From an alignment perspective, you’ve established that with the team that everybody is agreeing on this being most important and then commitment-wise, like I said, you’re establishing that this is most important and we’re going to see this out throughout the duration of what you determine the length of your OKR to be.

So for an example, I’ll break this down. So we internally have a client that we’ve worked with and we’re working on a content marketing strategy for them. One of the objectives of the content marketing strategy is we want to increase the amount of organic search traffic to their site. So that is the objective in our OKR.

A key result for that objective might be we need to have 100 more keywords rank in the top ten of search engine result pages. Another might be that we need to generate 25% more backlinks in 2023, and then our last one might be that we need to move ten striking-distance keywords into the top ten of keywords that they already rank for.

Essentially, if you hit those key results, then the objective must be true.

So the last thing I’m going to talk about is how you measure the success or the progress against your OKRs. So using that example I had earlier, we have we want to generate one hundred more keywords into the top ten of SERPs.

So for example, if we were to move 60 in the time period that we have our OKR set for, then we would land at 60%. OKRs are measured on a scale of 0.0 all the way up to 1.0. So using that example I just gave, we would be at a 0.6 for how far we got in that key result in terms of scoring up against your objective, each one of your key results is put on that scale.
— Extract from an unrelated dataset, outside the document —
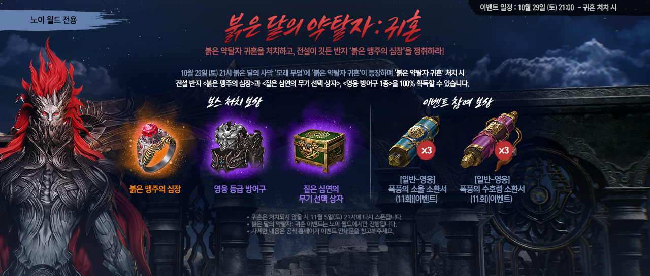 - ‘붉은 달의 약탈자: 귀혼’ 이벤트는 한시적으로 진행되는 이벤트이며, 추후 다른 방식으로 이벤트가 진행될 수 있습니다.
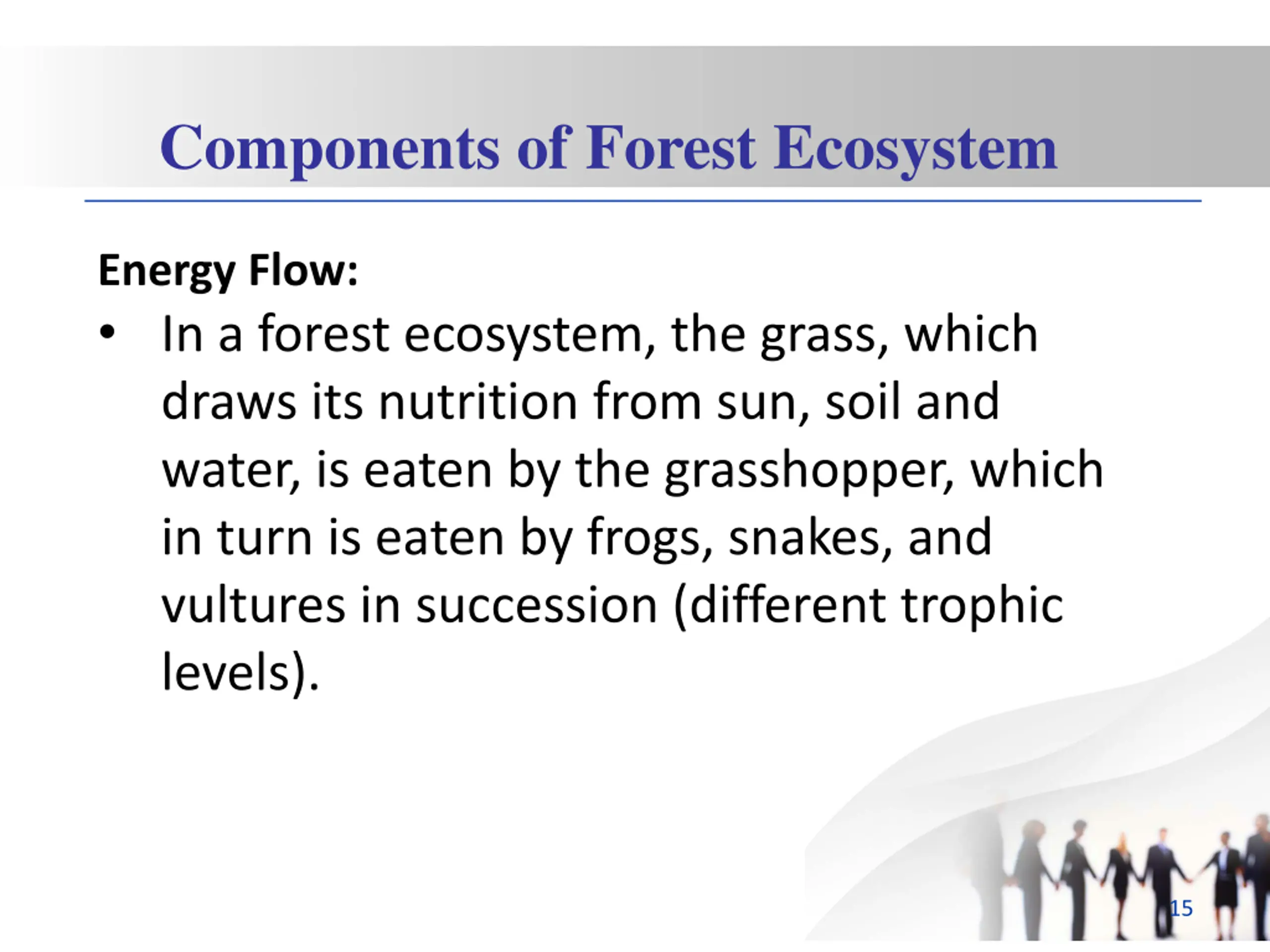 Components of Forest Ecosystem Energy Flow: In a forest ecosystem, the grass, which draws its nutrition from sun, soil and water, is eaten by the grasshopper, which in turn is eaten by frogs, snakes, and vultures in succession (different trophic levels). 15

So as a whole, if you score a 0.0 to a 0.3, you really have not made a ton of progress against your OKR. If you score at a 0.3 to a 0.6, then you’ve made mediocre or moderate performance against it or progress against it. But it’s not great. If you’re landing in the 0.7 all the way up to the 1.0, then you made significant progress against your key result. And like I mentioned earlier, one of the important factors of OKRs is you really want to make them to be stretch goals and so landing at a 0.7 or 0.8 is really okay in this example and would be deemed a success and something that you should be proud of.

And one of the last things that I think is really great about OKRs is they take out a lot of the subjectivity, so it’s very black and white on whether you’re making progress or not, because the key results are measurable, trackable and SMART, you can tell very clearly if you’re making progress against it, and it’s not up to the interpretation of somebody versus somebody else.